Quote Originally Posted by Ruth View Post
I'm sorry if this goes wrong but it's the first time I've used a forum and don't know how to include the quotes etc. She doesn't have any yellow like the Cuitzeonoensis pictured above and she has a paler brown dorsil line runing down her back which I cant see in the above picture either. Presumably as she matures she will change.
I'd say Chapala is right on the balance of the photos and they one in your avatar. The avatar photo seems to have a faint checkered pattern, which wouldn't be typical of a Cuitzeo. And if the dorsal stripe is pale brown (is her colouring actually brown? In the photos it looked black to me, but that could be light) then that almost nails it. Let's face it, Lake Cuitzeo and Lake Chapala garters are closely related, and part of what I was going on was the shape of the head.

As she gets older her colours will develop.
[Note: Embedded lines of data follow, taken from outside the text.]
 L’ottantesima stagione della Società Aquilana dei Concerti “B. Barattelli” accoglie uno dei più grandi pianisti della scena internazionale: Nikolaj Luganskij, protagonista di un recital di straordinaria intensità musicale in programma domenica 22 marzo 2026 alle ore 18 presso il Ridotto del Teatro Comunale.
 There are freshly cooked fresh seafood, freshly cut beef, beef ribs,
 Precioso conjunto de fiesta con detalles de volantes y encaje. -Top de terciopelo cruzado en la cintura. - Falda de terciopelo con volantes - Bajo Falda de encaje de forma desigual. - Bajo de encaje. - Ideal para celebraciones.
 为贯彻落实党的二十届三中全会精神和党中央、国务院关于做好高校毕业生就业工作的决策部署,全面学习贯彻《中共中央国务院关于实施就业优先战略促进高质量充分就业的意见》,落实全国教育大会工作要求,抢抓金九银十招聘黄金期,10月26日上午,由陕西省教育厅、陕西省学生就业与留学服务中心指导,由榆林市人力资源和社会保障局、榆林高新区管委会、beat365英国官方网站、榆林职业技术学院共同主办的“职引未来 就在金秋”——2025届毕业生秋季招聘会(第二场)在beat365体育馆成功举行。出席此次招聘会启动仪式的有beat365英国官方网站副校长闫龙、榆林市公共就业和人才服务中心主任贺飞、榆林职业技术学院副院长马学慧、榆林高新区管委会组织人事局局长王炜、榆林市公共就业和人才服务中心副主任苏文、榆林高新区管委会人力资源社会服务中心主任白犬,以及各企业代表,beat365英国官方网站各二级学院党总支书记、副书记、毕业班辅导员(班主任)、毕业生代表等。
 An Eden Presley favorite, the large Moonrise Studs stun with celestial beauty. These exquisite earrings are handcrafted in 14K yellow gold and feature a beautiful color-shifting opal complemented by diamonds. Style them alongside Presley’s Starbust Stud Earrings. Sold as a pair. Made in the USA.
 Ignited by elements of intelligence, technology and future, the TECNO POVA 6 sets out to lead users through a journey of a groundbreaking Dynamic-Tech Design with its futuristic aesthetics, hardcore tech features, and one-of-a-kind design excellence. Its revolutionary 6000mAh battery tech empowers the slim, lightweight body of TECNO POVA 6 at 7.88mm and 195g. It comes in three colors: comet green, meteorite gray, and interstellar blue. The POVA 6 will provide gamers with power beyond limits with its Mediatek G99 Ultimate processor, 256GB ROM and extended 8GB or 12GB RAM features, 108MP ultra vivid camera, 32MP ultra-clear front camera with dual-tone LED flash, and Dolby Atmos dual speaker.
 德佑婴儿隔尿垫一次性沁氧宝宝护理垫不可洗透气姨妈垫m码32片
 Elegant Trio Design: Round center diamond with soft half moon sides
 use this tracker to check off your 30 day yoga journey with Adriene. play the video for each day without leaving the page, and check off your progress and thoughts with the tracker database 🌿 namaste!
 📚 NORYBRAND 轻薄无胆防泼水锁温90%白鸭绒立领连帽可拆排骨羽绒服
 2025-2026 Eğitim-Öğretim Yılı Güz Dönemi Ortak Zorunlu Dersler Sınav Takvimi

From my reading (the baby Cuitzeo above died before he developed his adult colours, but still changed significantly from birth) you can expect it to colour up nicely over the coming months.
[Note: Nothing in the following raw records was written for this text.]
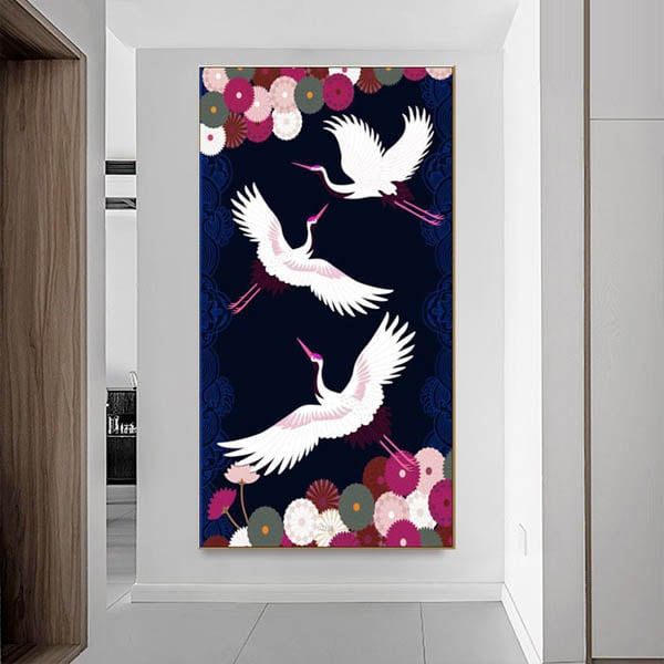 和テイストな羽を広げて飛ぶ鶴と菊模様のデザインです。
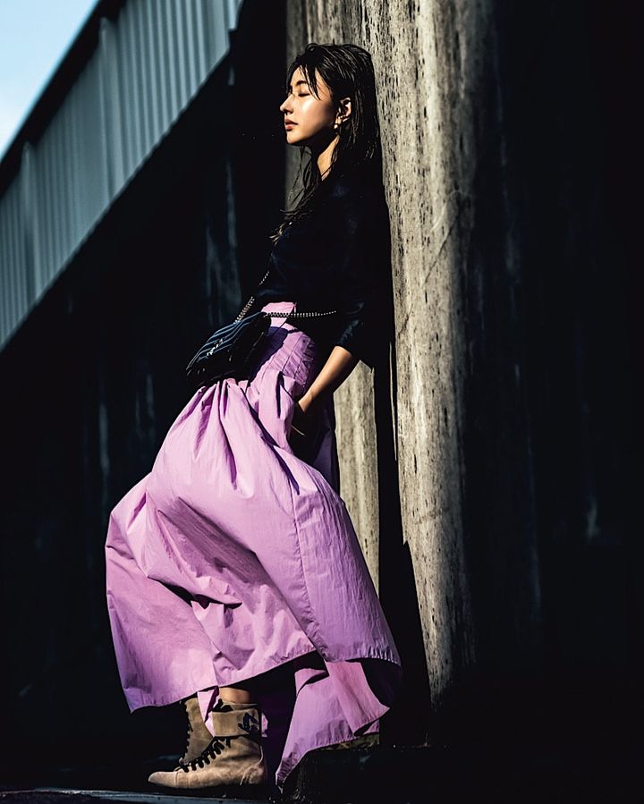 ブーツ¥162,800 バッグ¥188,100(ともにJIMMY CHOO)シャツ¥39,600(マディソンブルー/マディソンブルー) スカート¥28,600(LEPHIL/LEPHIL NEWoMan新宿店) バングル¥15,400(ワンエーアールバイウノアエレ/ウノアエレ ジャパン) ピアス¥13,200(D.U.E/e.m. PRESS ROOM)
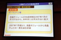06年度、薄型テレビの需要拡大が特に顕著だった欧州市場については、ポーランドに新設した工場が1月から月産10万台の体制で液晶モジュールの生産を開始している。本年末には月産30万台への拡大が予定されているほか、本年7月頃からは液晶モジュールからテレビまでの一貫生産が計画されている。
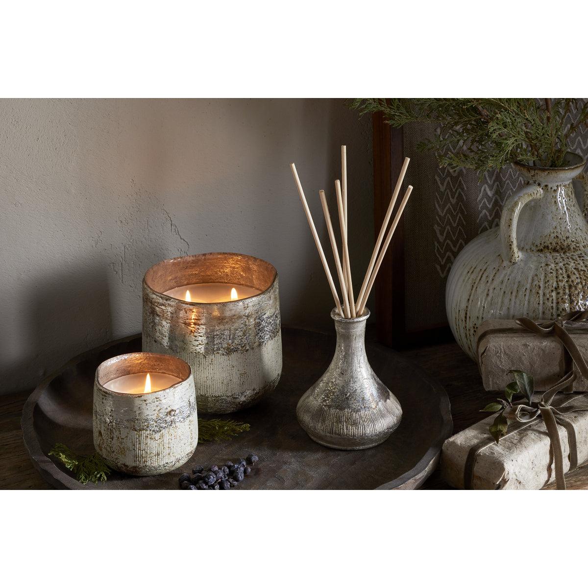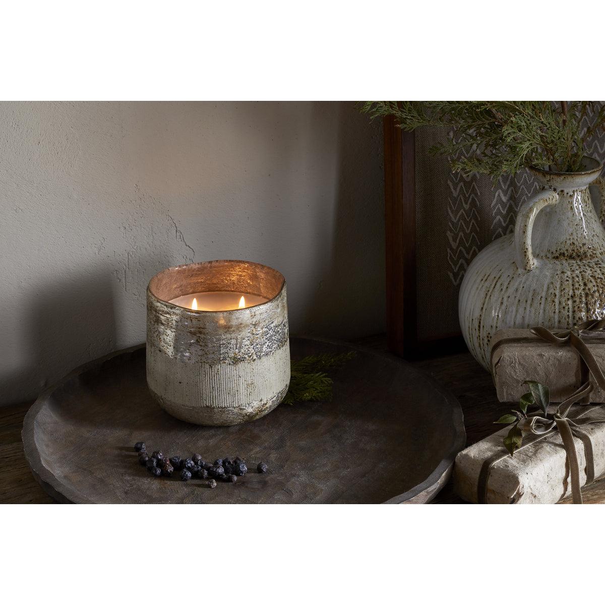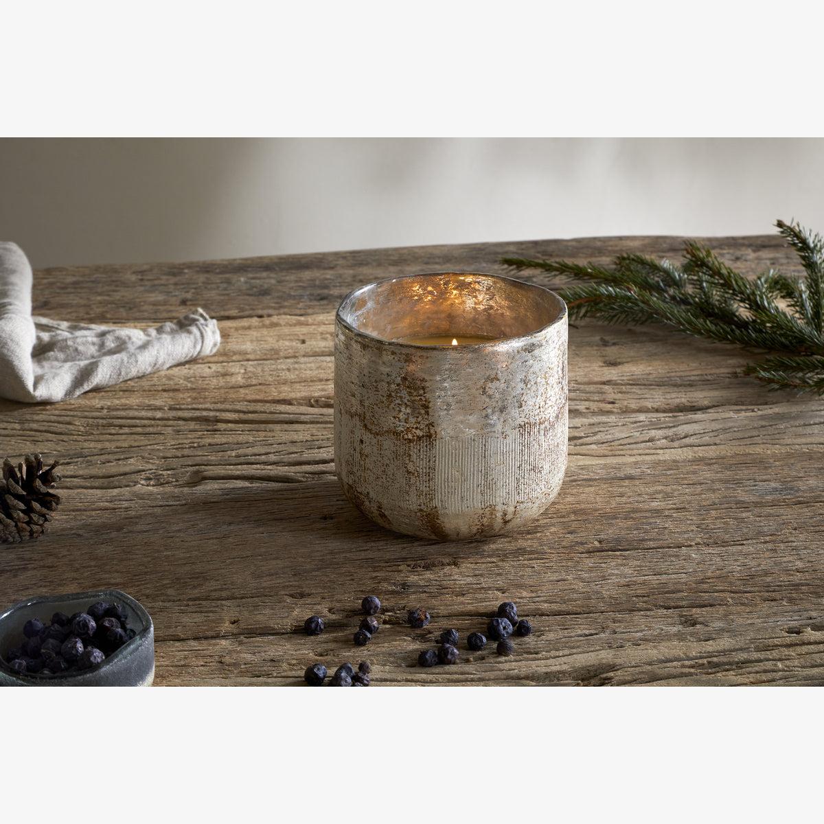 This candle, often called the Juniper & Fir, is a versatile piece that works well in both contemporary and rustic interiors thanks to its antique gold finish and earthy scent profile. I love how it adds a touch of understated luxury while remaining approachable - perfect for styling on a wooden coffee table or bookshelf. For practical tips, position it alongside natural textures like linen or wood accents to enhance its organic vibe, and consider pairing it with other botanically inspired decor for a cohesive look. Its warm glow and fragrant aroma make it ideal for creating inviting spaces in living rooms or cosy corners, especially during colder months.

Quote Originally Posted by BLUESIRTALIS
Chris i agree that it looks very dark and could be a cuitzeoensis. I don't have any experience in these guys, but it looks like it has bluish lateral stripes. Is this trait also seen in cuitzeoensis?
The dorsal and lateral stripes are almost invisible in my adults. I can just about make them out in my female, but the male is jet black. I guess it's a sort of bluish, in that it's still black, but a lighter shade of black. Their bellies are like a iridescent, gun-metal blue in the right light.

Quote Originally Posted by BLUESIRTALIS View Post
By looking at your avatar you would think cuitzeonoensis, but by looking at the pics you posted and by your description i would still say lake chapala.
I'd actually say the photos convince me in the opposite way - the avatar says Chapala, the photos say Cuitzeo.